WHAT YOU HAVE TO DO: Print exactly the lines below between the line holding "The Eurovision Village, in" and the line holding "St Swithun's Church, Church", inclusive, and nothing more.

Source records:
_ _ _ _ _ _ _
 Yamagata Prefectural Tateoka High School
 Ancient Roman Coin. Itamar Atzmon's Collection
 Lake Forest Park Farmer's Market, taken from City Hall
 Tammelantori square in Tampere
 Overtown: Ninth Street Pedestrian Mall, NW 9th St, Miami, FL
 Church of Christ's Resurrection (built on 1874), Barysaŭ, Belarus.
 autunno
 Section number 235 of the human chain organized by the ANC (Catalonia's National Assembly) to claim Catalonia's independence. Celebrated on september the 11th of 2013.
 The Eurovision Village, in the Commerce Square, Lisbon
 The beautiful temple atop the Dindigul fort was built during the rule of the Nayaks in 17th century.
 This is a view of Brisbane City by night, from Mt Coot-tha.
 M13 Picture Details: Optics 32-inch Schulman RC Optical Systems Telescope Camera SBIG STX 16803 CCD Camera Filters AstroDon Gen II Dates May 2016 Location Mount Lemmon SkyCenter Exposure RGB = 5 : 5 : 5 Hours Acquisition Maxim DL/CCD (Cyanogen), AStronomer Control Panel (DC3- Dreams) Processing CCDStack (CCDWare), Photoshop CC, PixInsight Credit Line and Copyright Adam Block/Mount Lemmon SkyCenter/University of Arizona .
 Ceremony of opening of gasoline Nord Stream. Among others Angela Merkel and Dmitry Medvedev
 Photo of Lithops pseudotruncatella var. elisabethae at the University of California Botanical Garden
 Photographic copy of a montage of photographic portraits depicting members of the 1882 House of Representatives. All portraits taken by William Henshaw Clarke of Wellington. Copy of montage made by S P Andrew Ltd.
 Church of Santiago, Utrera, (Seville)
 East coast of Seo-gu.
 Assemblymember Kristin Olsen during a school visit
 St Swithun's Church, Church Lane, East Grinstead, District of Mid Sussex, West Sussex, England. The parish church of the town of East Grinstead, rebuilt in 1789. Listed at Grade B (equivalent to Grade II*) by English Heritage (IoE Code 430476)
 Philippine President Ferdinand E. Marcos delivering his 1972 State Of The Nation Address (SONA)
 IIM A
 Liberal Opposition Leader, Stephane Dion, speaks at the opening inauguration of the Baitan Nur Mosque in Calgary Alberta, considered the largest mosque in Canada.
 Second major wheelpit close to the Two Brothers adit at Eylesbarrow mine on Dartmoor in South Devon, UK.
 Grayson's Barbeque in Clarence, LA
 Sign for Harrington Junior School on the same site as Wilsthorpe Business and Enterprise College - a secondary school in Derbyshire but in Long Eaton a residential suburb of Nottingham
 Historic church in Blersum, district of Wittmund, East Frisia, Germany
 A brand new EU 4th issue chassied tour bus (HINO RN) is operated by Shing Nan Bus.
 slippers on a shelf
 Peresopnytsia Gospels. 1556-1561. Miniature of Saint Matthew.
_ _ _ _ _ _ _
ANSWER SPACE:
 The Eurovision Village, in the Commerce Square, Lisbon
 The beautiful temple atop the Dindigul fort was built during the rule of the Nayaks in 17th century.
 This is a view of Brisbane City by night, from Mt Coot-tha.
 M13 Picture Details: Optics 32-inch Schulman RC Optical Systems Telescope Camera SBIG STX 16803 CCD Camera Filters AstroDon Gen II Dates May 2016 Location Mount Lemmon SkyCenter Exposure RGB = 5 : 5 : 5 Hours Acquisition Maxim DL/CCD (Cyanogen), AStronomer Control Panel (DC3- Dreams) Processing CCDStack (CCDWare), Photoshop CC, PixInsight Credit Line and Copyright Adam Block/Mount Lemmon SkyCenter/University of Arizona .
 Ceremony of opening of gasoline Nord Stream. Among others Angela Merkel and Dmitry Medvedev
 Photo of Lithops pseudotruncatella var. elisabethae at the University of California Botanical Garden
 Photographic copy of a montage of photographic portraits depicting members of the 1882 House of Representatives. All portraits taken by William Henshaw Clarke of Wellington. Copy of montage made by S P Andrew Ltd.
 Church of Santiago, Utrera, (Seville)
 East coast of Seo-gu.
 Assemblymember Kristin Olsen during a school visit
 St Swithun's Church, Church Lane, East Grinstead, District of Mid Sussex, West Sussex, England. The parish church of the town of East Grinstead, rebuilt in 1789. Listed at Grade B (equivalent to Grade II*) by English Heritage (IoE Code 430476)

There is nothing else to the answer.